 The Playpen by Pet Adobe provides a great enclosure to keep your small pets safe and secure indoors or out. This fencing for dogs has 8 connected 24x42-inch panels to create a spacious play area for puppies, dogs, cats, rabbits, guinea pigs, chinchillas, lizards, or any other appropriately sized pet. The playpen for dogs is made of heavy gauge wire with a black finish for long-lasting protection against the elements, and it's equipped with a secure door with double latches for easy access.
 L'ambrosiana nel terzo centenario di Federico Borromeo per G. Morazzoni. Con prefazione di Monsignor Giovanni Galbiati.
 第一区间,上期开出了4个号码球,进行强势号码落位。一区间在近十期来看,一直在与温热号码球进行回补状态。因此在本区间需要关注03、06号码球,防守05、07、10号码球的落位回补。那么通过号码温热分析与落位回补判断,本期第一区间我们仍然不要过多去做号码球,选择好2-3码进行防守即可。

...

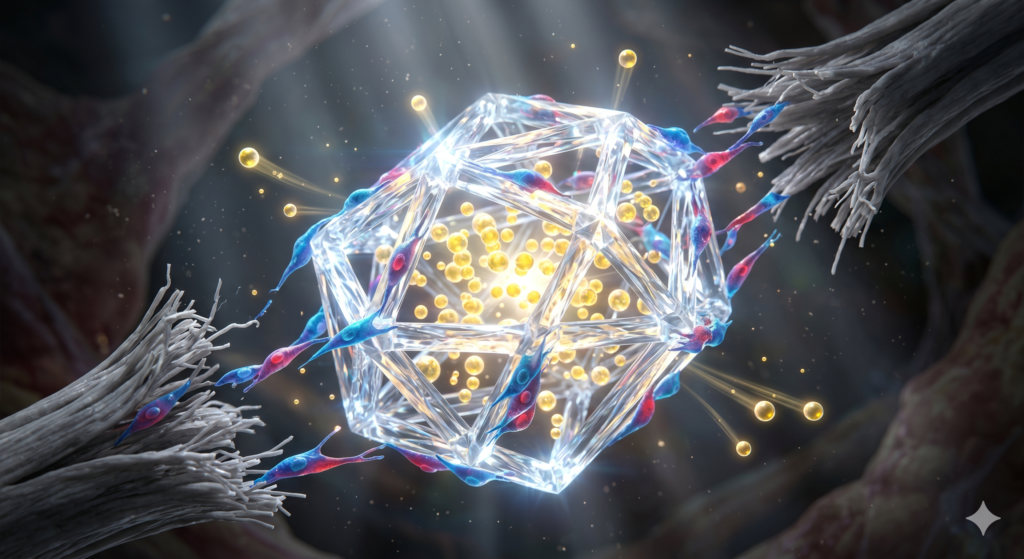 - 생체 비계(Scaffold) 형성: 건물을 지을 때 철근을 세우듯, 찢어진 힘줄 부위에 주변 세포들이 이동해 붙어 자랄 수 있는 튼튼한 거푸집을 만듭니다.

---

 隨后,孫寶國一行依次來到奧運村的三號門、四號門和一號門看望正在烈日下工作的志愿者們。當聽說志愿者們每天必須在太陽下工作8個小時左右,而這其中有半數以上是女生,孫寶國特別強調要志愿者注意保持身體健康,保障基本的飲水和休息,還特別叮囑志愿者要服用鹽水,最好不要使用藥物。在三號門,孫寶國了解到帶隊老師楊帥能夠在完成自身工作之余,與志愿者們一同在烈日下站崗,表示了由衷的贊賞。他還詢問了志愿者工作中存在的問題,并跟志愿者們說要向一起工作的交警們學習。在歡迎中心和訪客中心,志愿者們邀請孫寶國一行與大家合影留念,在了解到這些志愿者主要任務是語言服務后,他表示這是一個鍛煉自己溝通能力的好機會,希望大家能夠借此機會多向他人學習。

:: TASK OBJECTIVE ::
From the line holding "L'ambrosiana nel terzo" to the line holding "第一区间,上期开出了4个号码", inclusive, restate each line above exactly as written.

:: WRITTEN RESPONSE ::
 L'ambrosiana nel terzo centenario di Federico Borromeo per G. Morazzoni. Con prefazione di Monsignor Giovanni Galbiati.
 第一区间,上期开出了4个号码球,进行强势号码落位。一区间在近十期来看,一直在与温热号码球进行回补状态。因此在本区间需要关注03、06号码球,防守05、07、10号码球的落位回补。那么通过号码温热分析与落位回补判断,本期第一区间我们仍然不要过多去做号码球,选择好2-3码进行防守即可。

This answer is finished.